Soft robots with biological inspiration make a lot of sense in many different contexts, but they are not without drawbacks, just like any other category of technology. These flexible constructions, among other reasons, may find it difficult to move as quickly as their more rigid counterparts. An additional source of inspiration from nature that helped researchers at North Carolina State University accelerate swimming was the manta ray.

It makes sense to look at the fish. These shark relatives can move through the water like birds thanks to their enormous, wing-like pectoral fins. But in the end, the scientists gave them a completely different animal’s name. The “butterfly bots” got their nickname because of how much their arms resembled those of people doing the butterfly stroke [see the image above].

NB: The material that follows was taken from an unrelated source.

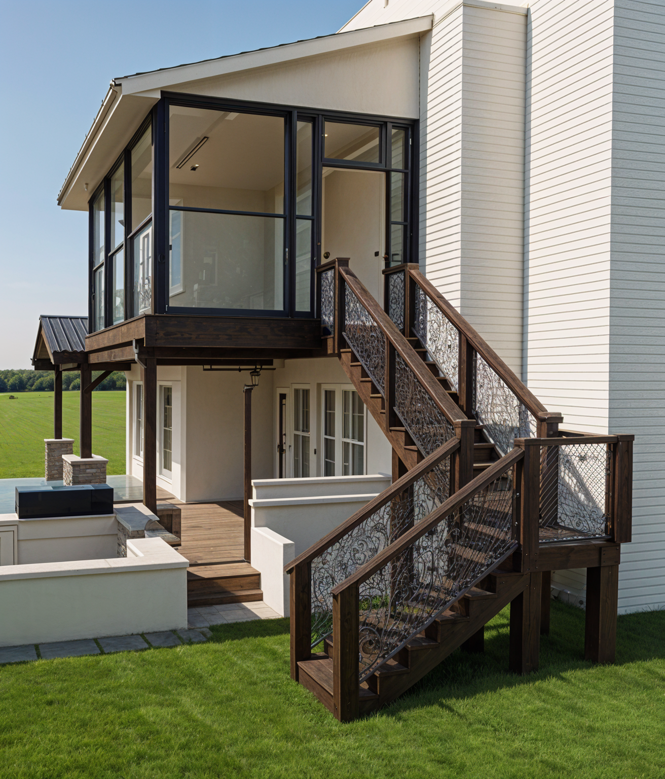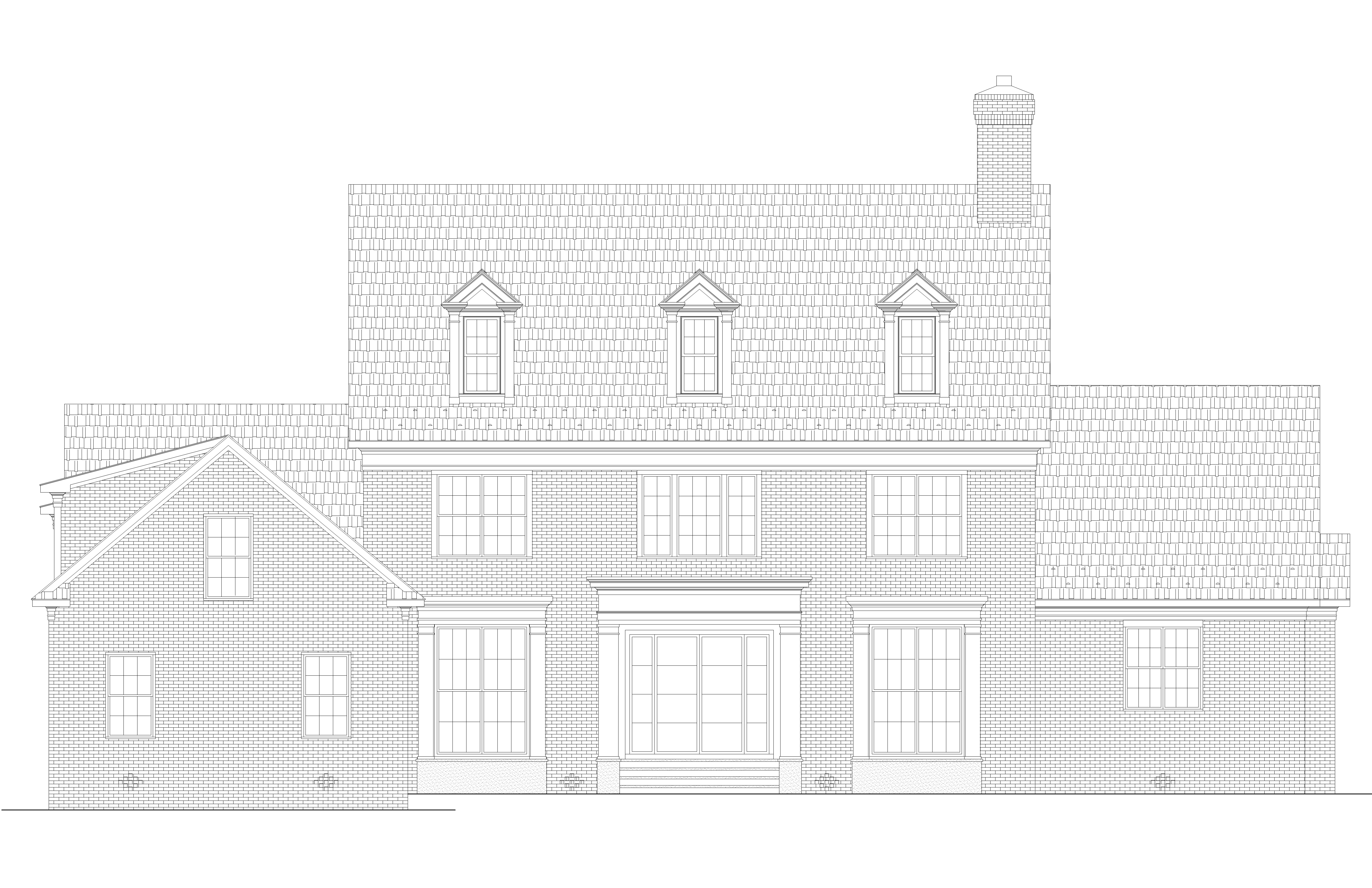 front elevation brick painted cream color with white trim dark grey shingles

There were two robots constructed. The first was built with speed in mind, and can move 3.74 body lengths per second, which is far faster than soft robots that can only move a single body length in that period. A second, built for better control, travels at a speed of about 1.7 body lengths per second. In the first instance, turning is complicated by the design. In order to turn the robot by flapping just one wing at a time, the researchers fitted a second drive train with the second.

According to a press release from Jie Yin, the paper’s co-author, “swimming soft robots have not yet been able to swim faster than one body length per second, but marine animals – such as manta rays – are able to swim much faster, and much more efficiently.” “We wanted to investigate if we could create faster, more energy-efficient soft robots by borrowing from the biomechanics of these creatures. The prototypes we’ve created function incredibly well.

Using a pneumatic air tube system, the body is raised and lowered, which bends the wings and fins and moves the system forward. According to Yin, the majority of prior attempts to create flapping robots have concentrated on employing motors to directly power the wings. Our method makes advantage of bistable wings that are moved passively by the core body. This is a significant distinction since it enables a more lightweight, streamlined design.

The group claims to be developing an untethered, autonomous version of the soft swimming butterfly robot.